▶ [WHAT YOU ARE ASKED TO DO] The listing below begins with the first line you should copy; stop after the line containing "Świąteczna piekarnia. Kobieta", and drop every picture.

▶ [DATASET ENTRIES]
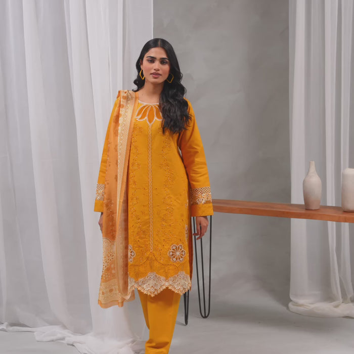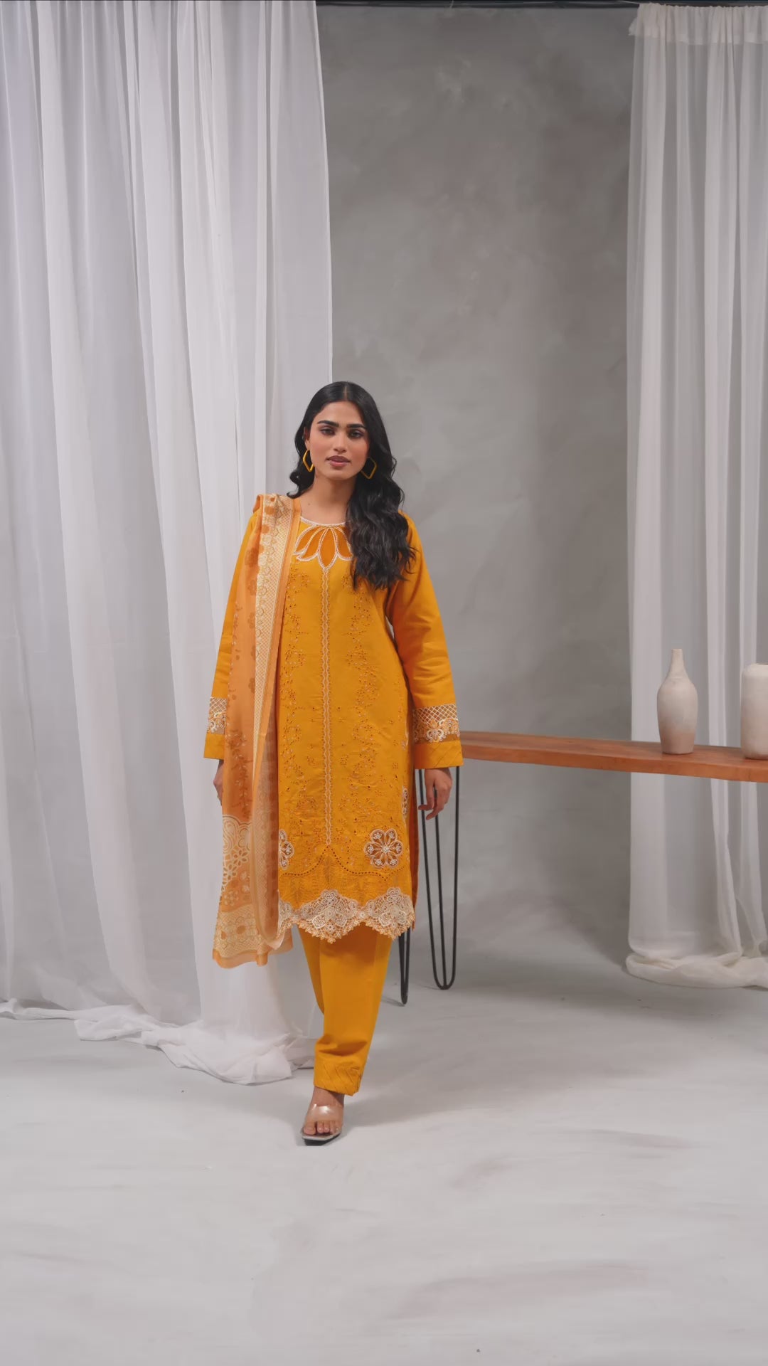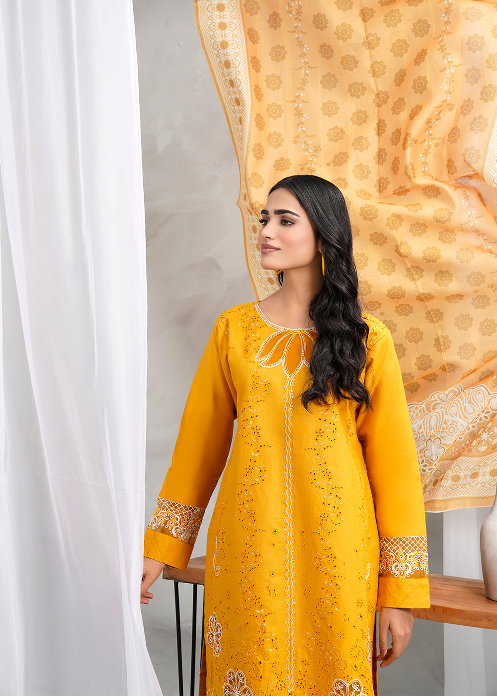 Description: 3-piece embroidered khaddar suit featuring delicate cutwork details. The shirt showcases intricate embroidery with lace accents on the hem and sleeves, paired with matching plain trousers. Comes with a beautifully printed dupatta that complements the vibrant mustard tone — perfect for winter elegance.
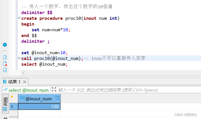-- 傳入一個數字,傳出這個數字的10倍值delimiter $$create procedure proc10(inout num int)begin set num=num*10;end $$delimiter ; set @inout_num=10;call proc10(@inout_num);-- inou不可以直接傳入實參select @inout_num;
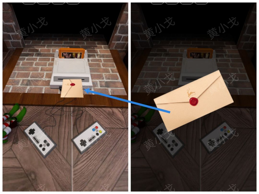 4.点击地上的右侧游戏机手柄,根据[圣诞老人]场景驯鹿鼻子颜色线索,按顺序点击对应颜色的按钮
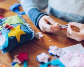 Świąteczna piekarnia. Kobieta robi pierniki, kroi ciasteczka z piernika, widok z góry. Świąteczne jedzenie, proces gotowania, kulinarne rodzinne, świąteczne i noworoczne tradycje
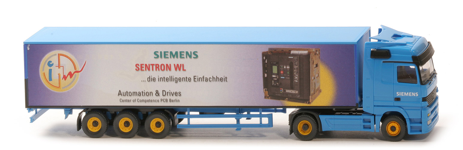 Dieses Modell ist in den Katalogen nicht erfasst - es ist ähnlich dem letzten im GK 2003 gelisteten Werbemodell Siemens "Schrittmacher". Die Türen der Kabine tragen den Schriftzug "Siemens" in weiß. Die Kofferseiten haben die gezeigte Beschriftung in Form eines flächigen Aufklebers. Die Werbeeinlage entspricht in ihrer Gestaltung (nicht in der Größe) der einer seltenen Version des Grove-Krans - siehe letztes Bild. |

▶ [EXPECTED OUTPUT]
 Description: 3-piece embroidered khaddar suit featuring delicate cutwork details. The shirt showcases intricate embroidery with lace accents on the hem and sleeves, paired with matching plain trousers. Comes with a beautifully printed dupatta that complements the vibrant mustard tone — perfect for winter elegance.
-- 傳入一個數字,傳出這個數字的10倍值delimiter $$create procedure proc10(inout num int)begin set num=num*10;end $$delimiter ; set @inout_num=10;call proc10(@inout_num);-- inou不可以直接傳入實參select @inout_num;
 4.点击地上的右侧游戏机手柄,根据[圣诞老人]场景驯鹿鼻子颜色线索,按顺序点击对应颜色的按钮
 Świąteczna piekarnia. Kobieta robi pierniki, kroi ciasteczka z piernika, widok z góry. Świąteczne jedzenie, proces gotowania, kulinarne rodzinne, świąteczne i noworoczne tradycje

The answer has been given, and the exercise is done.